Program yang berjalan sejak 2025 tersebut mengusung konsep learning by doing. Siswa tidak hanya menerima materi di dalam kelas, tetapi juga terlibat langsung dalam praktik pengelolaan lingkungan, mulai dari memilah sampah organik dan anorganik, mengolah kompos, mendaur ulang sampah, menanam vegetasi, hingga mengikuti aksi bersih-bersih lingkungan.
Pada kegiatan terbaru, Pertamina Patra Niaga mengajak 20 siswa perwakilan kelas IV, V, dan VI mempelajari pemanfaatan rumah kompos.
Pengetahuan yang mereka peroleh diharapkan dapat ditularkan kepada seluruh warga sekolah yang terdiri atas 497 siswa dan 26 tenaga pendidik, sehingga dampak program meluas di lingkungan sekolah.

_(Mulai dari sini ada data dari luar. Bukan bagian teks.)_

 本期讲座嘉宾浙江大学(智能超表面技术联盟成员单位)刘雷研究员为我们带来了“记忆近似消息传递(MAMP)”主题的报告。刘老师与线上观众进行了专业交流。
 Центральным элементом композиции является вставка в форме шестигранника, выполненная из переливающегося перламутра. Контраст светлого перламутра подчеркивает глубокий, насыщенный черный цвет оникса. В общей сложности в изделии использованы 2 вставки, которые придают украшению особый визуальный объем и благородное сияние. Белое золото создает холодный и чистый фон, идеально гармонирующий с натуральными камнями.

Pelaksanaan Program SEKAR juga melibatkan berbagai pemangku kepentingan, di antaranya Pengawas Sekolah Kecamatan Medan Labuhan, Kelurahan Nelayan Indah, dan Pemerintah Kecamatan Medan Labuhan. Kolaborasi tersebut diarahkan untuk membangun budaya peduli lingkungan yang berkelanjutan di wilayah pesisir.
Baca juga:Distribusi BBM di Sumut Kembali Normal, Pertamina Pastikan Stok Aman dan Antrean SPBU Terurai
Vice President Corporate Communications Pertamina Patra Niaga, Kitty Andhora, mengatakan pendidikan lingkungan menjadi fondasi penting dalam membentuk generasi yang memiliki kesadaran menjaga alam.

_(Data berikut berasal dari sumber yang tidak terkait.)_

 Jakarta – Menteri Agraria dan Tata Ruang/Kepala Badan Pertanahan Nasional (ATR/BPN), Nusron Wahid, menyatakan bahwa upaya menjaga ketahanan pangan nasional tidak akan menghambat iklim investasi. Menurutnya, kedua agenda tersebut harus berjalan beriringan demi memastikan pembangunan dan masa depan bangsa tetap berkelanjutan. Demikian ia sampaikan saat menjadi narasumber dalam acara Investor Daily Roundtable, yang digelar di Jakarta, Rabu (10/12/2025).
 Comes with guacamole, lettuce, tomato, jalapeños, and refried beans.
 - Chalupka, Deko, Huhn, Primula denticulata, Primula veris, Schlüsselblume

“Pertamina Patra Niaga meyakini bahwa upaya menjaga lingkungan perlu dimulai sejak dini. Melalui Program SEKAR, kami tidak hanya memberikan edukasi, tetapi juga membangun kebiasaan positif melalui praktik langsung sehingga para siswa dapat menjadi agen perubahan di lingkungan sekolah, keluarga, maupun masyarakat pesisir. Program ini menjadi bagian dari komitmen perusahaan untuk menghadirkan manfaat yang berkelanjutan bagi masyarakat melalui kolaborasi dengan berbagai pemangku kepentingan, sekaligus mendukung terciptanya lingkungan yang lebih bersih dan lestari,” ujar Kitty dalam keterangannya, Sabtu (18/7/2026).

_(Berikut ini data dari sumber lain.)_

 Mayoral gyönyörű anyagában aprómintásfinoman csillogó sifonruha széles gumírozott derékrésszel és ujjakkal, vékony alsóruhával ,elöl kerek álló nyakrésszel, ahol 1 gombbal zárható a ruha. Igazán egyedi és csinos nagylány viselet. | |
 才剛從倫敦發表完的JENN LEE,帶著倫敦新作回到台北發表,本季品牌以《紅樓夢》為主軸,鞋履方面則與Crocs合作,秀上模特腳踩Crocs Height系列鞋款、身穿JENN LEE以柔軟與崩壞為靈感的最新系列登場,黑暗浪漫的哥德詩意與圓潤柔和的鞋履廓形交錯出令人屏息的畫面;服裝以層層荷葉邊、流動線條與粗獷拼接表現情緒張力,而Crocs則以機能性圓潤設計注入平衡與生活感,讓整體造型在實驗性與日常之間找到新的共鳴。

Kepala SD Negeri 068426, Nurhayati, S.Pd., mengapresiasi dukungan Pertamina Patra Niaga yang dinilai telah meningkatkan kesadaran siswa dalam mengelola sampah sekaligus mengasah kreativitas mereka.
Menurutnya, para siswa kini tidak hanya memahami cara memilah sampah, tetapi juga mampu mengolah limbah anorganik menjadi berbagai karya bernilai, seperti hiasan dinding berbentuk kupu-kupu dan produk kreatif lainnya.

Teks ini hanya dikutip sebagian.